DATA EXCERPT:
· · ·
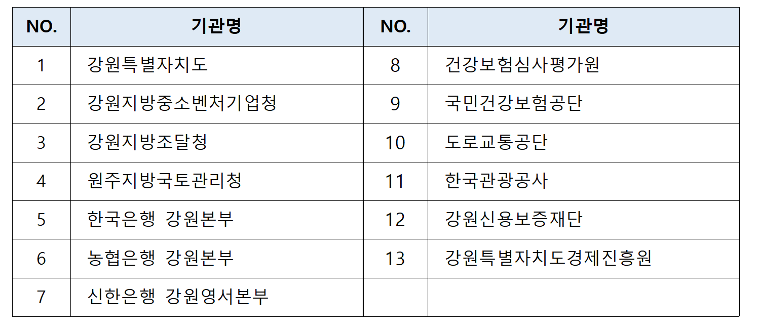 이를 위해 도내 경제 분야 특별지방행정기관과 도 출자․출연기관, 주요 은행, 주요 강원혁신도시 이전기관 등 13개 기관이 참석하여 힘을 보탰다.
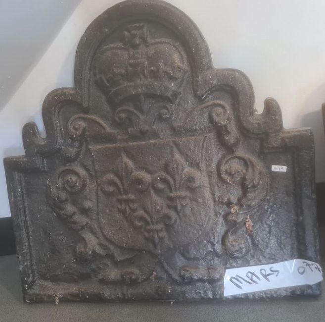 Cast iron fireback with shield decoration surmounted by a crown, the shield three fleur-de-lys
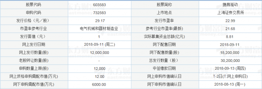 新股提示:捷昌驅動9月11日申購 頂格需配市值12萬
· · ·
PROBLEM: Copy exactly, and copy nothing else: the lines from the one containing "Cast iron fireback" through the end of the data, both ends included, with pictures left out.

COMPLETED TASK:
 Cast iron fireback with shield decoration surmounted by a crown, the shield three fleur-de-lys
 新股提示:捷昌驅動9月11日申購 頂格需配市值12萬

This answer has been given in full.